++++ INFORMATION SUPPLIED ++++

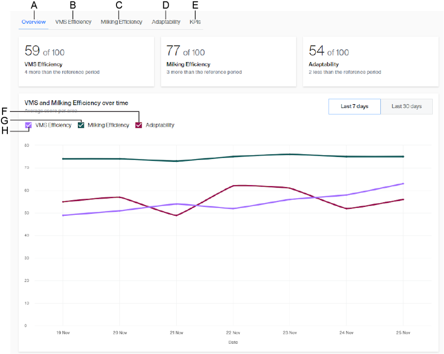 C | Milking efficiency tab | G | Milking efficiency graph |
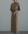 ■タイトなデザインでシルエットを美しく体型カバーポイント:【二の腕】【脚】【ウエスト】【ヒップ】ウエスト部分のタックと背面のシャーリングで細見え効果。ボレロを着るとハイネックになり首元をスッキリした印象に。
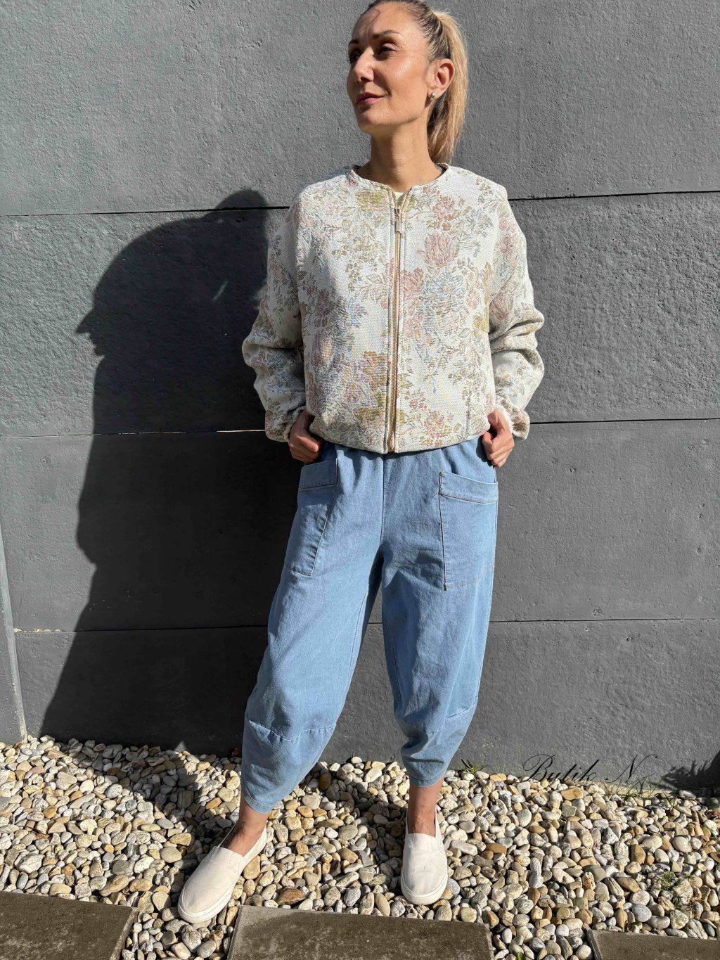 Krásná, lehká bunda s velmi moderním vzorem a zapínáním na druky.

++++

◆ INSTRUCTIONS FOR THE TASK ◆
Transcribe the material exactly, leaving every picture out.

◆ SOLUTION FOR THIS EXERCISE ◆
 C | Milking efficiency tab | G | Milking efficiency graph |
 ■タイトなデザインでシルエットを美しく体型カバーポイント:【二の腕】【脚】【ウエスト】【ヒップ】ウエスト部分のタックと背面のシャーリングで細見え効果。ボレロを着るとハイネックになり首元をスッキリした印象に。
 Krásná, lehká bunda s velmi moderním vzorem a zapínáním na druky.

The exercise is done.